To determine that, a small blood sample is taken from a fish and its stress level from capture and handling can be accessed. Then, that fish is put back in the water and when recaptured a second blood sample rapidly taken and its physiological state before being recaptured can be determined allowing researchers to tell if a fish is back to normal physiologically.

“It is important to understand how capture and handling stress might impact growth, reproduction and, ultimately, population sustainability, especially for species that are subject to frequent catch and release,” said McGarigal. “Ryan and I have been collaborating so that I take blood samples from the same fish Ryan is tracking in his movement study. Analysis of certain chemicals in the blood will allow me to determine whether and to what extent these fish are physiologically stressed from the capture and handling process, and by analyzing a second blood sample at a later date I can determine how long it takes fish to recover.”

Ultimately, McGarigal predicts there will be almost 100 percent post-release survival for these species and observe a full physiological and behavioral recovery within 24 hours.

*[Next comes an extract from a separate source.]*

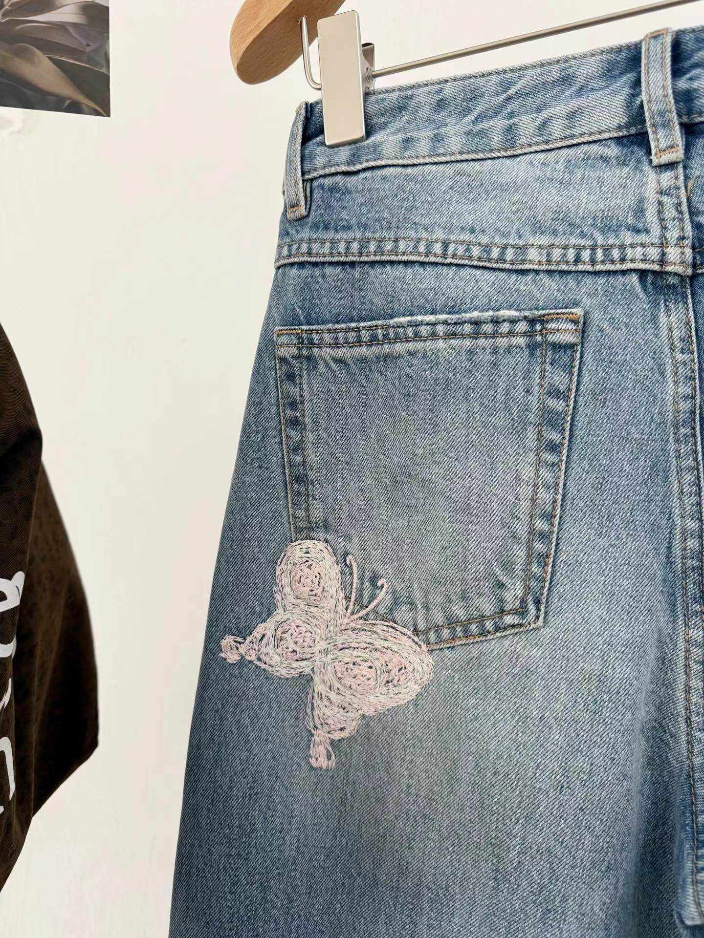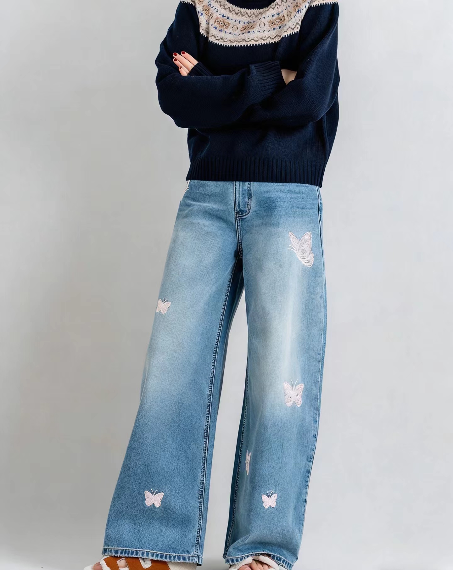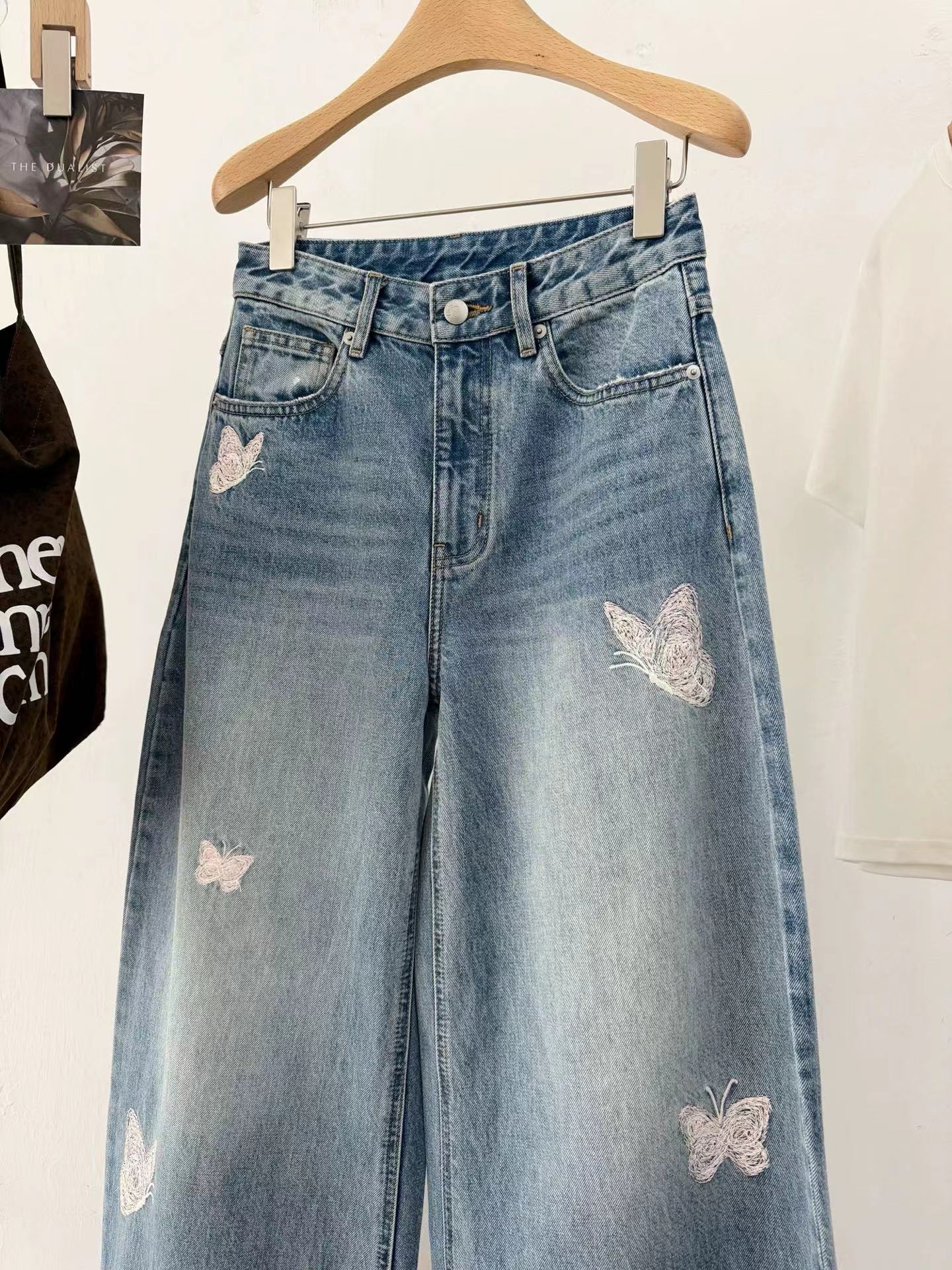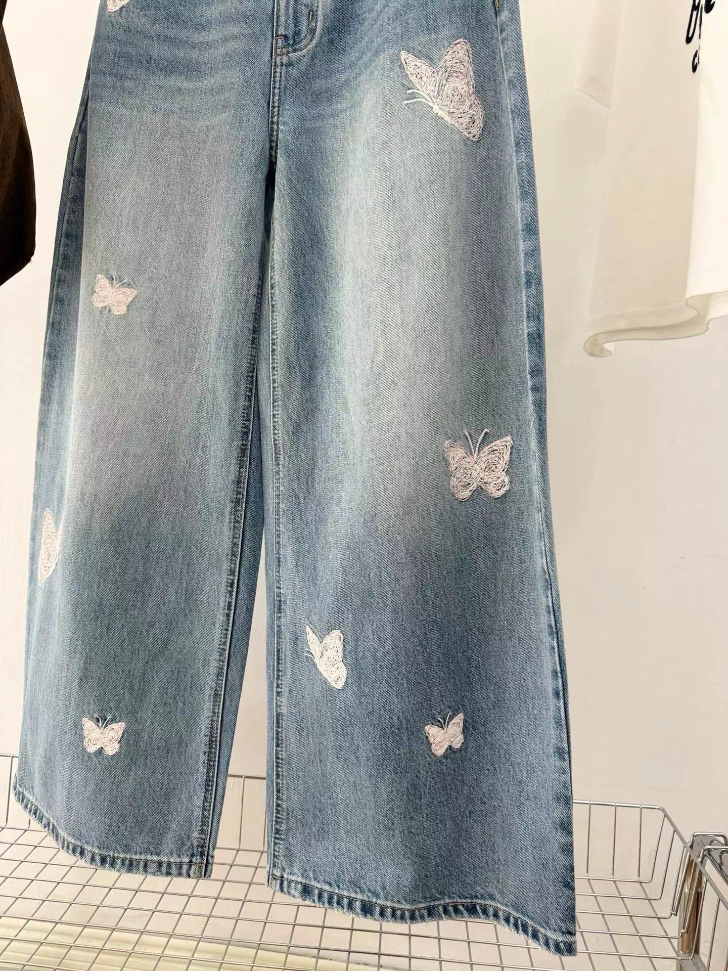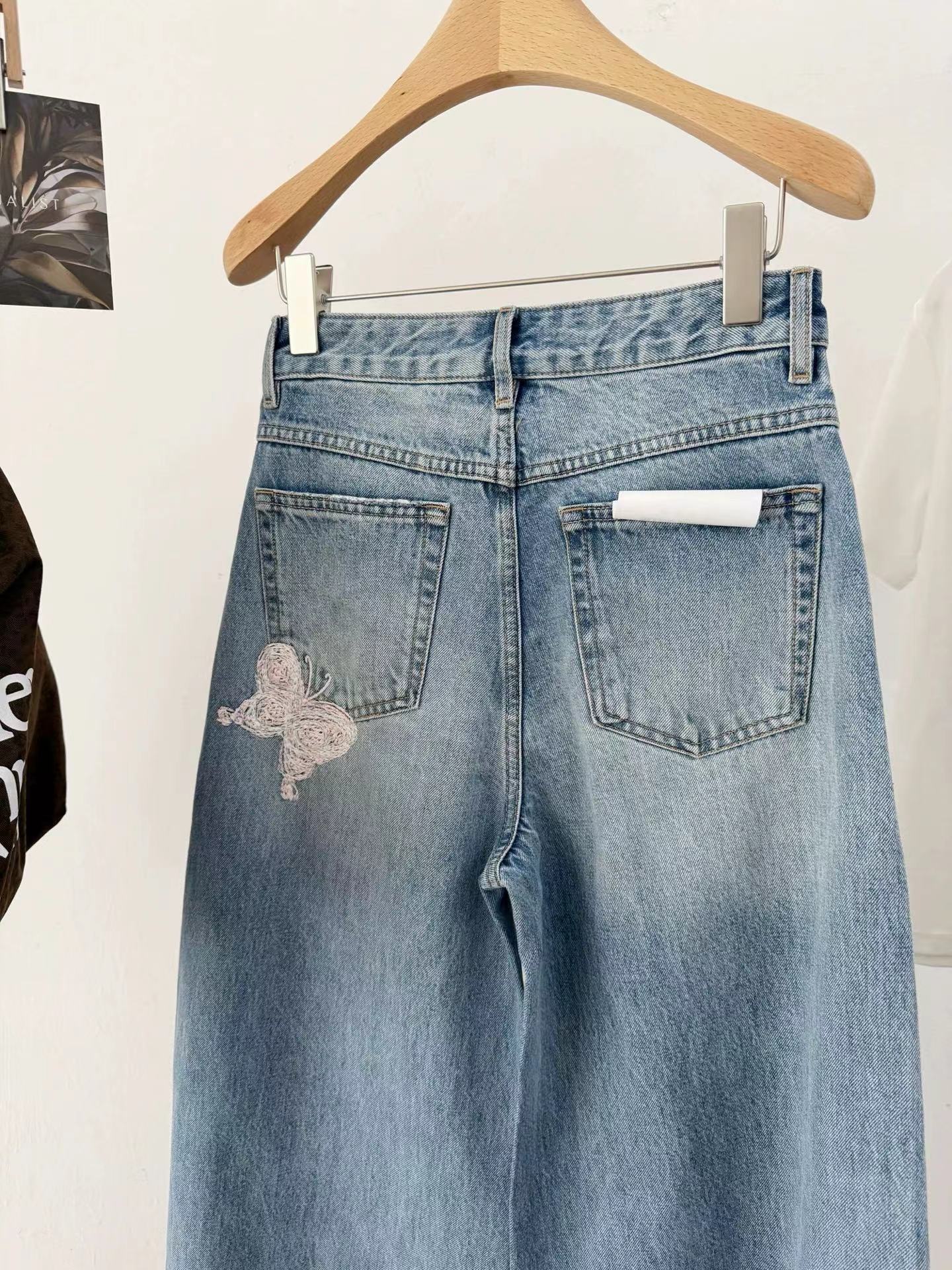 重工刺绣蝴蝶结 高品质浅蓝色宽松阔腿牛仔裤女春季拖地长裤,?? 把春天的蝴蝶绣在牛仔上 复古提花毛衣的软糯,遇上渐变牛仔的随性,每一只蝴蝶刺绣,都像藏在衣料里的小浪漫。宽松阔腿版型,走路带风,也藏得住所有不开心

“These results will benefit recreational anglers by providing actual data supporting catch and release as a viable management strategy,” she said, “and I will be able to identify and educate the recreational fishing community on angling and handling practices that minimize stress on fish, and thus cumulative impacts on the population.”

“That information becomes really important for sustainable fisheries,” said Lowe. “The part that’s really cool about this project is that the graduate students are working side by side with fishers, who in turn are learning about how this science can keep them fishing.”

Five main groups will benefit from this research—local companies and agencies with an interest in the artificial reef, national and international coastal resource managers and entities needing to mitigate impacts on coastal marine resources, scientists studying the function of artificial reefs, private groups advocating for the construction of artificial reefs, and scientists and natural resource managers interested in movement patterns of reef fishes.

“I see this outreach, this kind of fisher education going hand-in-hand with the objectives of SCE with this artificial reef,” added Lowe. “They put that reef in place so fishers would have more opportunities and the goal of our research is to insure that those opportunities continue and grow.”

“This is a big, exciting project with a lot of challenges,” said Anthony, “but Chris and I are really hoping that the results of this study will be a key component to answer a lot of questions that still need to be addressed. Once the students collect the data we can start to combine those data with what’s already being collected on the reef and get a better picture of what’s actually going on with the ecology of the reef.”